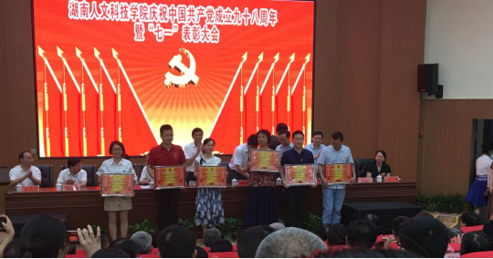 (聂时君所在支部荣获先进党支部,左一)
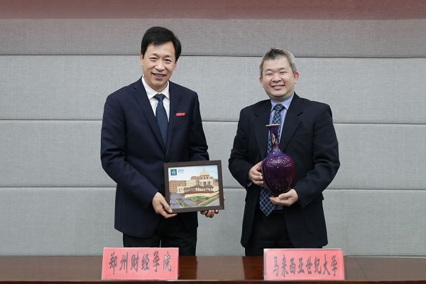 校长于向英和马来西亚世纪大学副校长Norman Chu签署了《郑州财经学院与马来西亚世纪大学合作备忘录》。随后理事长牛钦民和Norman Chu副校长互赠礼物表达祝福并合影留念。
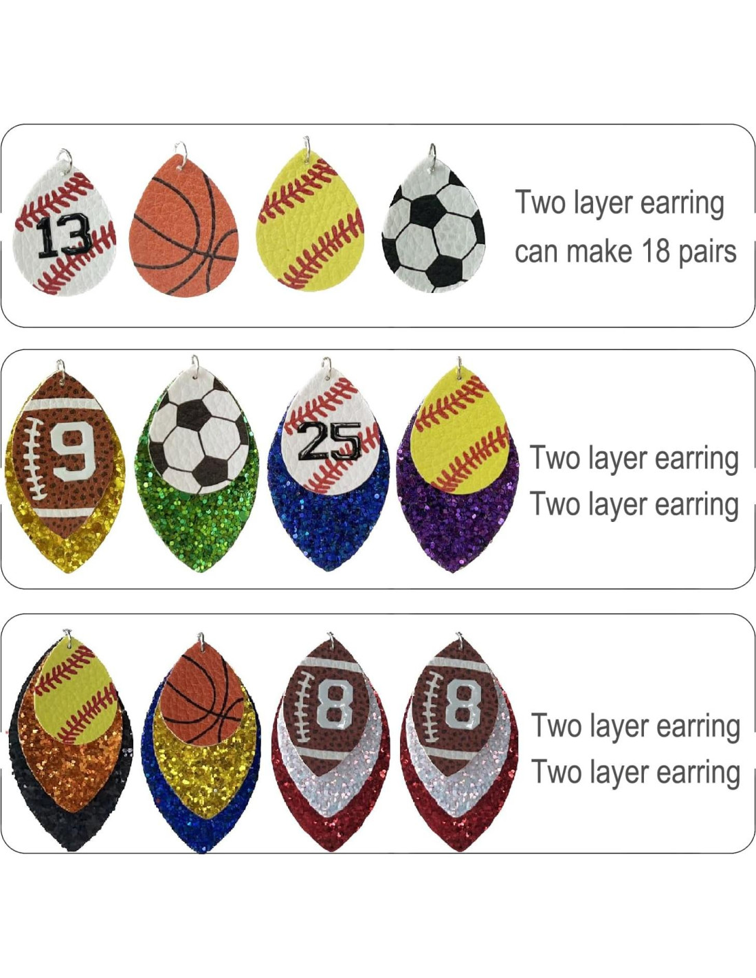 - Diversión DIY: 12 colores de cueros sintéticos brillantes y 5 tipos de pelotas deportivas. Ya sea que prefieras pendientes de una capa, dos capas o incluso tres capas, simplemente usa el abridor de anillos para adjuntar el gancho y el cuero.
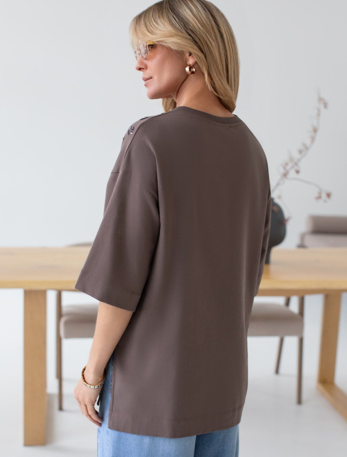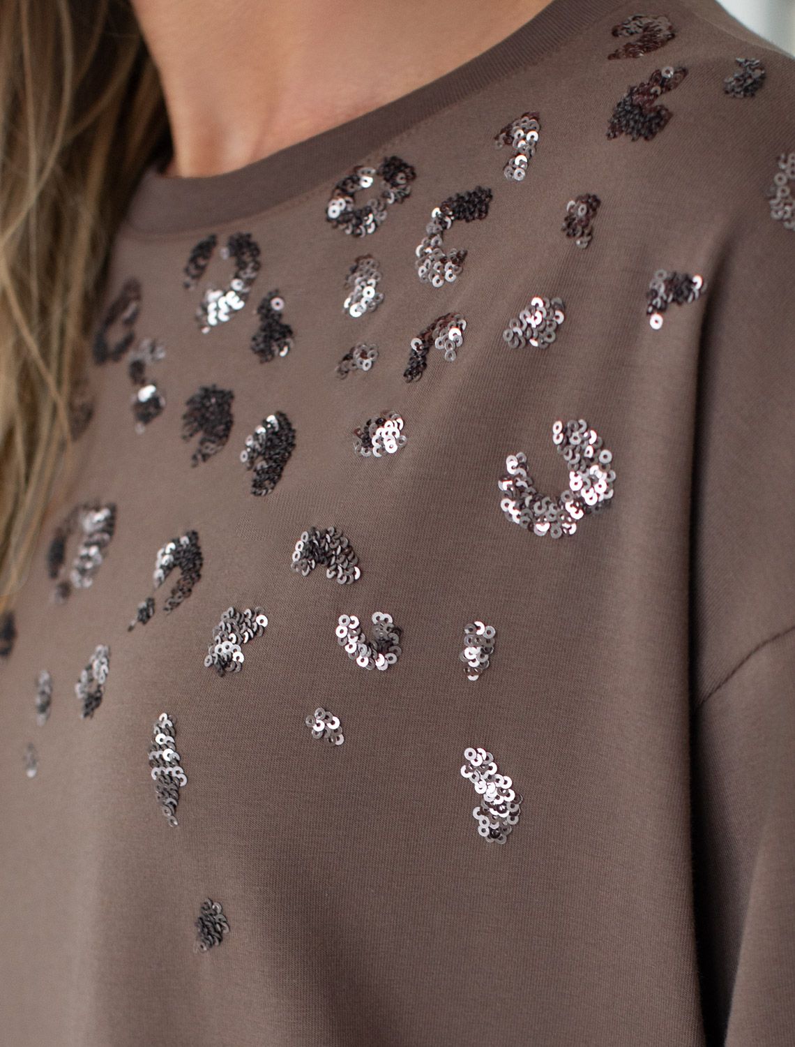 Оверсайз футболка кофейного цвета из премиального хлопка с добавлением эластана создана для комфорта и стиля каждый день. Натуральный материал приятный к телу, дышащая ткань хорошо держит форму и подходит для повседневной носки дома, в офисе или на прогулке. Классический свободный крой, удлиненный прямой силуэт и свободная посадка делают эту базовую футболку универсальным решением для любой фигуры и роста, включая плюс сайз размеры и беременных девушек, отлично скроет животик. Широкие рукава держат форму и подойдут на полные руки. Нарядная футболка украшена авторским принтом пайетками, которые создают красивый мерцающий эффект. Такой акцент делает модель уместной как для особых случаев, так и для ежедневных образов.
-*-*-
### Exercise aim
Go through the data above and print exactly the lines from its first line through the line holding "- Diversión DIY: 12", both included, leaving pictures aside.

### Reply to the exercise
 (聂时君所在支部荣获先进党支部,左一)
 校长于向英和马来西亚世纪大学副校长Norman Chu签署了《郑州财经学院与马来西亚世纪大学合作备忘录》。随后理事长牛钦民和Norman Chu副校长互赠礼物表达祝福并合影留念。
 - Diversión DIY: 12 colores de cueros sintéticos brillantes y 5 tipos de pelotas deportivas. Ya sea que prefieras pendientes de una capa, dos capas o incluso tres capas, simplemente usa el abridor de anillos para adjuntar el gancho y el cuero.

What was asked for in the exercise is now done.